Puis le bruit cessa. On n’entendait plus que le grondement sourd de la tempête de neige. Andrew se pelotonna dans le manteau de fourrure pour reprendre son souffle.
Une fois encore, la fille l’avait sauvé.
C’est absurde, se dit-il. Inconsciemment, je devais savoir que ça allait tomber.
Il arrêta là ses réflexions. Pour le moment, il avait échappé de peu à la mort grâce à une série de miracles, mais il était loin d’être sauf.
Si ce vent pouvait faire tomber un avion de la falaise, il pouvait le faire tomber, lui aussi, raisonna-t-il. Il fallait qu’il cherche un endroit plus sûr pour s’abriter et se reposer.
Prudemment, cramponné à la roche, il se glissa le long de la corniche, pour s’apercevoir qu’à trois mètres devant lui, le chemin se rétrécissait et s’achevait en une pente obscure, rendue glissante par la neige fondue. Péniblement, il revint sur ses pas. Il faisait de plus en plus sombre, et la neige à présent tombait plus blanche, douce et épaisse. Épuisé par l’effort et la douleur, Andrew aurait aimé s’allonger, s’envelopper dans le manteau de fourrure et s’endormir là. Mais il savait très bien que s’il s’endormait, il mourrait. Il résista à la tentation et se traîna dans la direction opposée. Il lui fallait éviter les fragments de métal qui l’avaient retenu prisonnier. Soudain, il heurta le tibia de sa jambe valide contre un rocher qu’il n’avait pas vu. Le choc le plia en deux, et il gémit de douleur.

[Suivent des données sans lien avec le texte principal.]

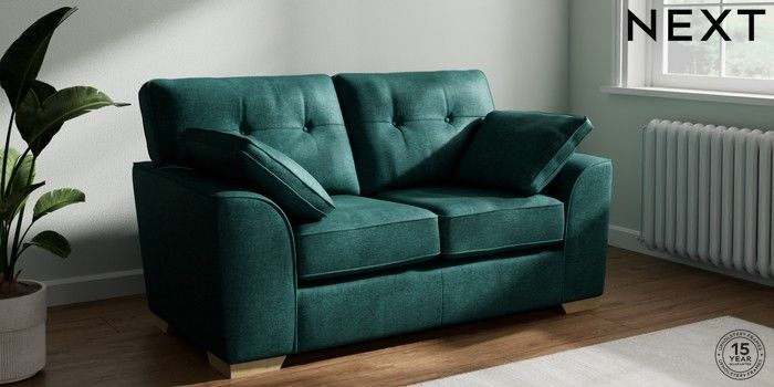 7.2.10 Stamford Buttoned Back 2 Seater Small Sofa Plush Chenille Dark Teal Green Large Square Angle - Light | Made Click here to use our website with more accessibility support, for example screen readers
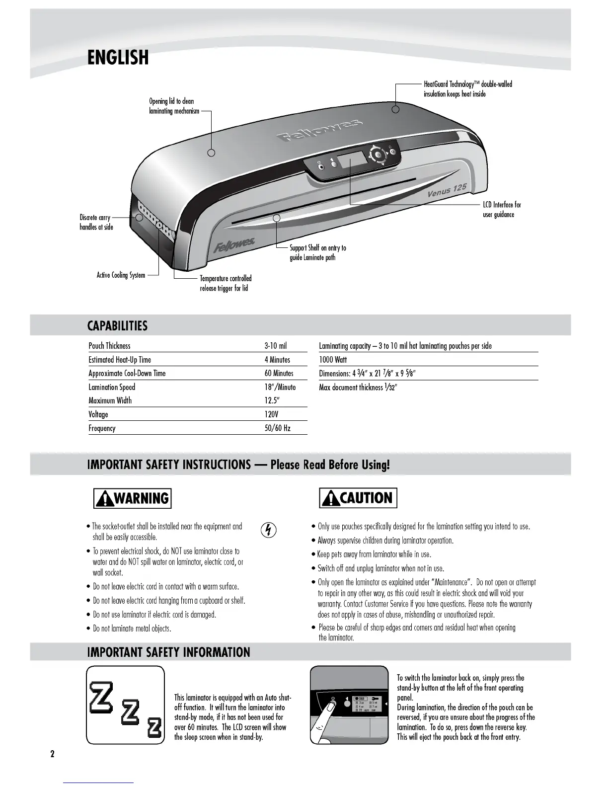 Fellowes Venus 125 - Capabilities; Important Safety Information; Auto Shut-off Feature; Operation Controls and Reversing
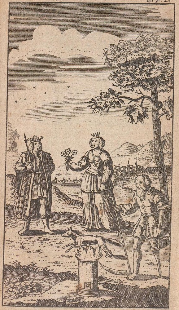 Tout ceci s’étant passé de la façon, plusieurs doctes gens du pays s’assemblèrent, et se mirent ensembles à chercher le moyen de connaître ce mystère, pour avoir plus parfaite connaissance de ce fait, mais ne s’accordant point ensemble, ils se travaillaient pour néant, jusqu’à ce qu’on vit venir un vieillard qui avait la barbe et les cheveux aussi blancs que neige, il était vêtu d’écarlate depuis les pieds jusqu’à la tête, avec une couronne d’or entrelacée de pierres précieuses de grande valeur. En outre il était ceint d’une ceinture de toute gloire et bonheur, et marchant nus pieds, il parlait par un singulier esprit qui était en lui, ses paroles pénétrèrent tout son corps et de telle façon que son Ame s’en sentait, cet homme s’élevait un peu plus haut que les autres, et il fallait faire silence aux assistants, et parce qu’il était envoyé du Ciel pour déclarer et expliquer par discours physique la susdite parabole et énigme, il les admonesta de prêter les oreilles ouvertes, et l’écouter patiemment.
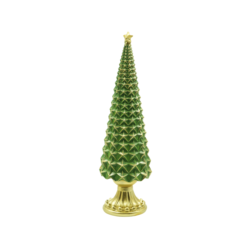 Árvore natalina em resina com 25cm de altura, ideal para decorar ambientes internos com elegância discreta. Confeccionada em resina de alta qualidade, apresenta acabamento refinado e durável, resistindo ao tempo sem desbotamento. Seu tamanho compacto permite posicionamento versátil em mesas, prateleiras ou nichos, complementando qualquer estilo de decoração. Peça decorativa que combina praticidade com sofisticação para a temporada festiva.
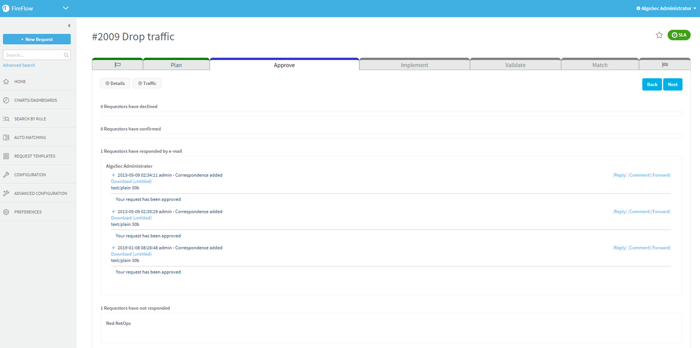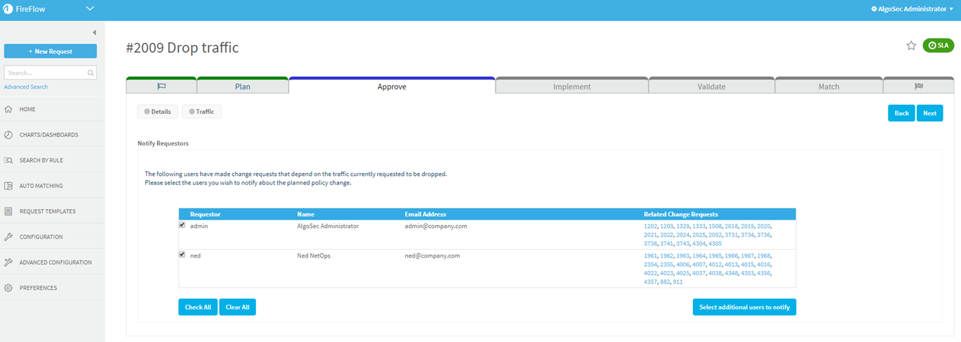 This topic describes how to manage requestor notifications for change requests in the Approve stage, such as traffic change requests with a "Drop" action, rule removal requests, rule modification requests, or re-certification requests.
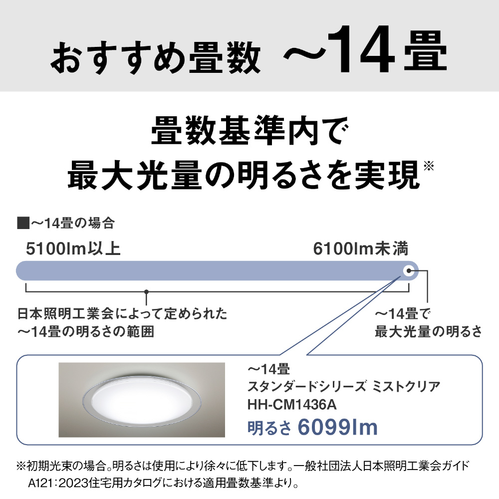 LEDシーリングライト 高効率タイプ ミストクリア スタンダードシリーズ HH-CM1436A [14畳 /昼光色〜電球色 /リモコン付属 /電気工事不要]
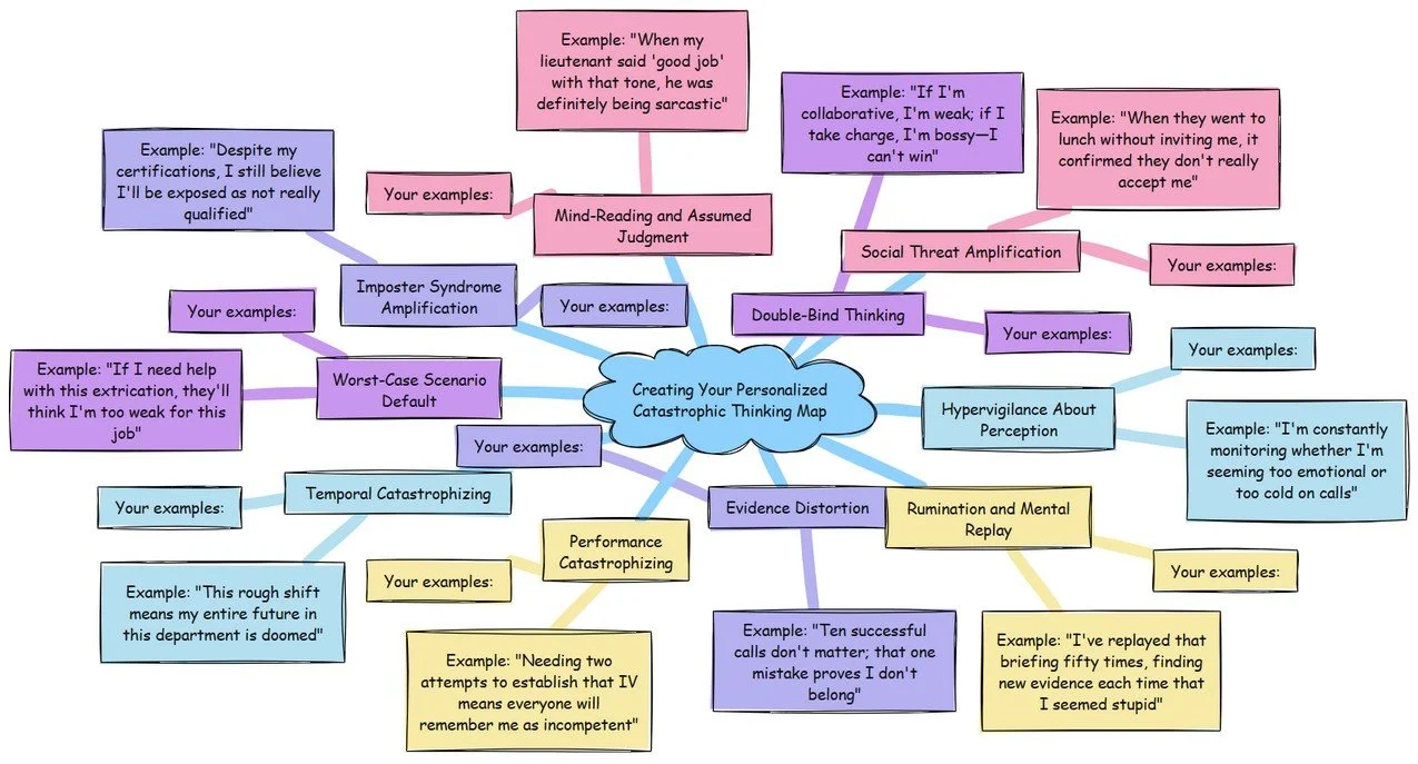 This self-assessment is designed to help female first responders identify, understand, and develop effective responses to catastrophic thinking patterns—those automatic mental processes that jump to worst-case scenarios and interpret neutral situations as threatening. While hypervigilance and threat assessment are essential skills on emergency scenes, when these patterns extend into every aspect of professional and personal life, they create unnecessary suffering and can undermine both performance and wellbeing.
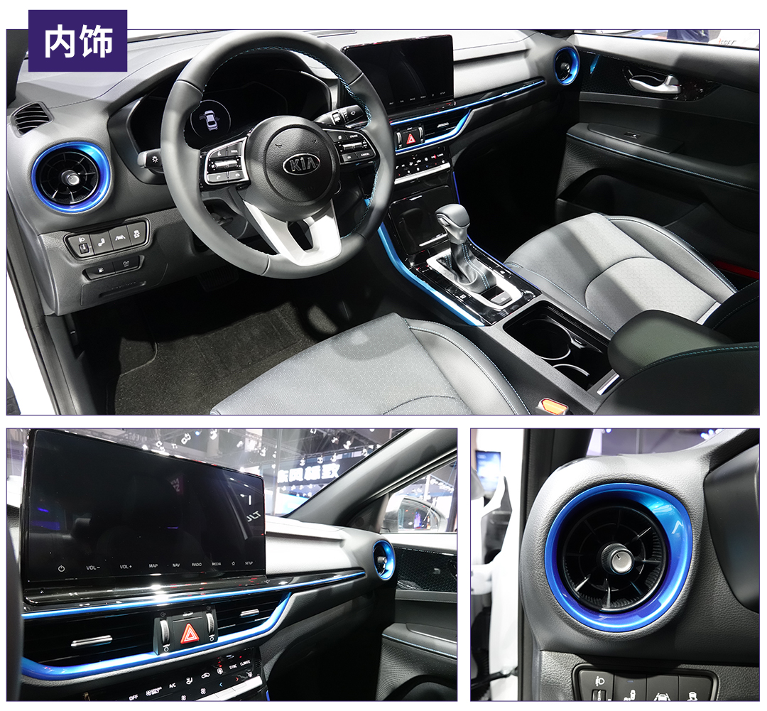内饰采用暗黑色的设计风格,保持时尚简约的同时,也兼顾到车内的科技感。主流的10.25英寸悬浮式液晶显示屏一目了然,中控屏左边7英寸的液晶仪表盘,三幅式方向盘采用皮质包裹,看上去质感十足。中控台和空调出风口采用蓝色或青色饰条,为内饰增添了不少活力。
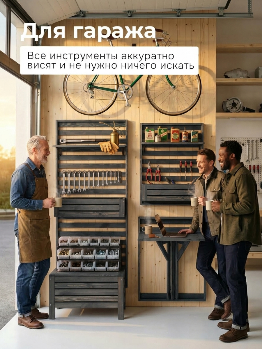 Серия садовой мебели Эпларо из массива сосны представляет собой уникальную модульную систему для оформления сада, балкона, лоджий и прихожих. Включая в себя разнообразные элементы, такие как сундук-скамья для удобного хранения вещей, декоративные панели, полки, навесные ящики, стол-трансформер и комплект металлических крючков, серия позволяет креативно комбинировать элементы и создавать уникальные композиции.
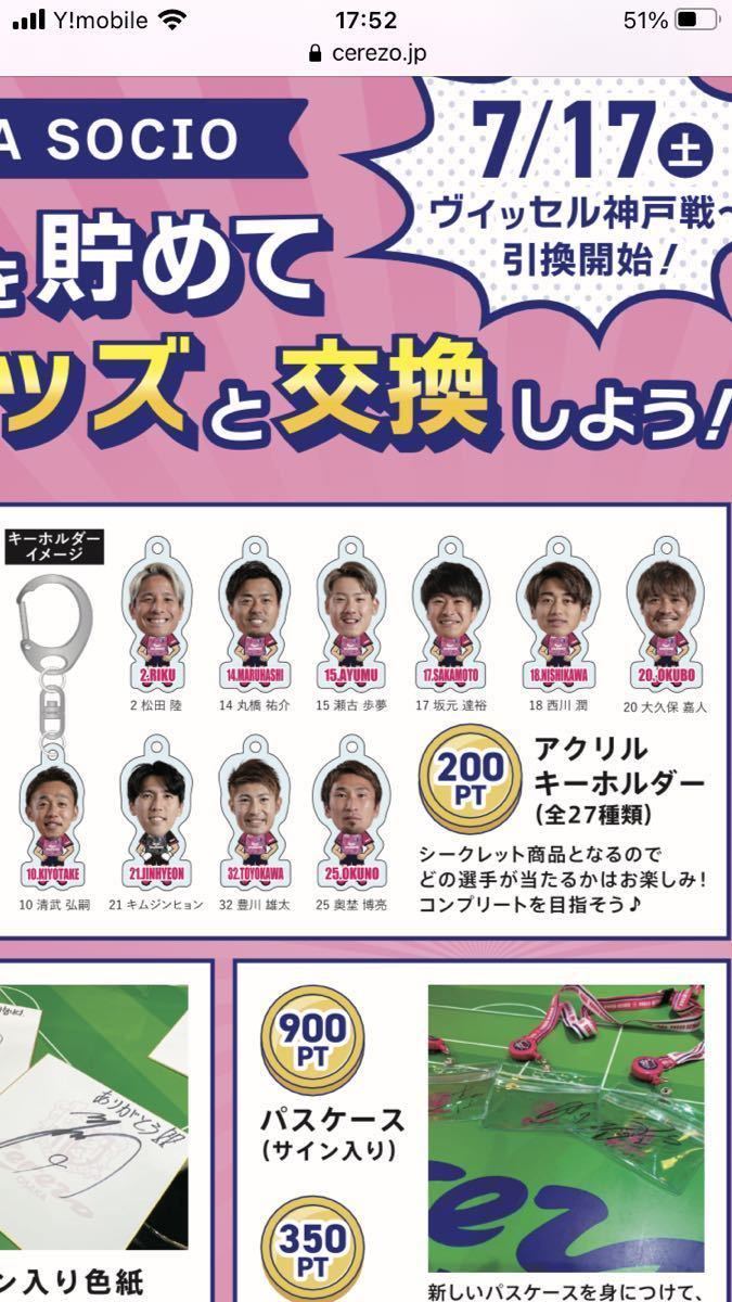 > 2021 セレッソ大阪 新井直人 ファンクラブ会員限定 アクリルキーホルダー SAKURA SOCIO サクラソシオ
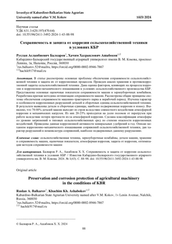 Статья: СОХРАНЯЕМОСТЬ И ЗАЩИТА ОТ КОРРОЗИИ СЕЛЬСКОХОЗЯЙСТВЕННОЙ ТЕХНИКИ В УСЛОВИЯХ КБР
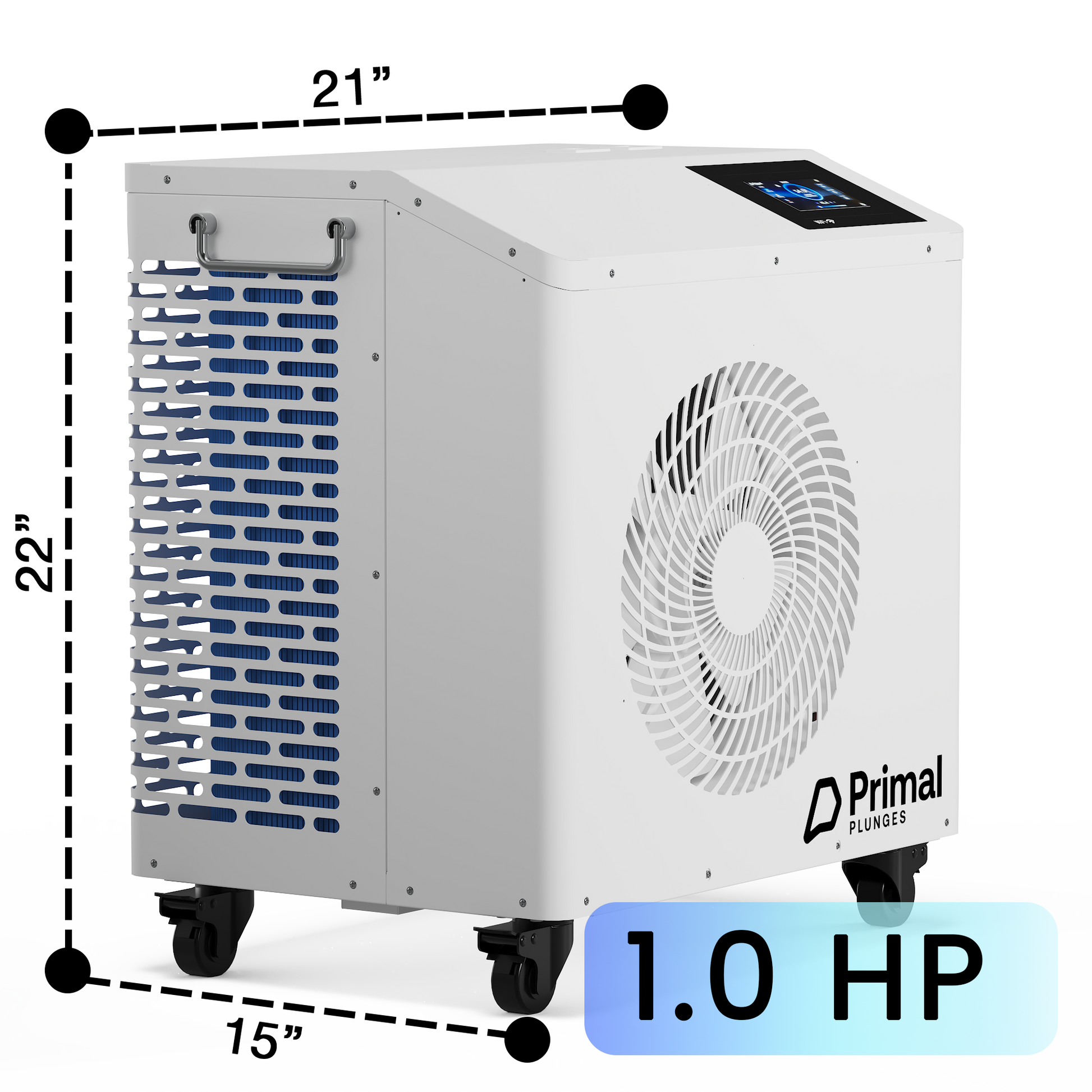 • Dimensions (chiller + hoses): 26" x 22" x 15" (WxHxL)

Finalement, il parcourut la falaise sur toute sa longueur. Tout au bout, la corniche s’élargissait en une pente douce qui montait vers une sorte de plateau. Là-haut poussaient d’épaisses broussailles aux racines tenaces. Andrew les examina dans l’obscurité et hocha la tête : le feuillage épais résisterait au vent. Ces arbustes étaient évidemment enracinés là depuis des années. Tout ce qui poussait en un tel endroit devait tenir le coup contre le vent, la tempête, les blizzards. Pourvu que son pied tienne le coup jusqu’en haut…
Ce n’était pas facile, avec son manteau et ses provisions, et sa blessure. Mais avant l’obscurité totale, il avait escaladé la pente – en rampant, vers la fin, sur deux mains et un genou – jusqu’à l’abri des arbres. Enfin, il s’affala sous ce refuge. Là, du moins, le vent rageur soufflait moins violemment, freiné par les branches. Dans la trousse d’urgence, il y avait une petite lampe de poche, et à sa faible lumière, il trouva de la nourriture concentrée, une couverture fine du type « espace », qui le garderait bien au chaud, et des tablettes de combustible. Il improvisa, avec la couverture et son propre manteau, une tente rudimentaire en se servant des branches les plus larges pour la soutenir : cela faisait une sorte de tranchée entre les buissons et les racines des arbustes, où il pourrait s’allonger à l’abri de la neige. Maintenant, il ne désirait plus que s’effondrer et ne plus bouger, mais avant que ses dernières forces ne l’aient abandonné, il s’appliqua avec acharnement à couper la jambe du pantalon gelé et les restes de la botte qui recouvrait son pied blessé. Il n’aurait jamais imaginé qu’il fût possible de tant souffrir quand il badigeonna la blessure d’antiseptique et la banda hermétiquement, mais il y parvint tant bien que mal, sans pouvoir s’empêcher de gémir comme un animal sauvage. Enfin, à bout de forces, il se laissa tomber dans son terrier et prit un des bonbons de Mattingly. Il se força à le mâcher, sachant que le sucre réchaufferait son corps frissonnant. Enfin, au moment même où il l’avalait, il tomba dans un profond assoupissement léthargique.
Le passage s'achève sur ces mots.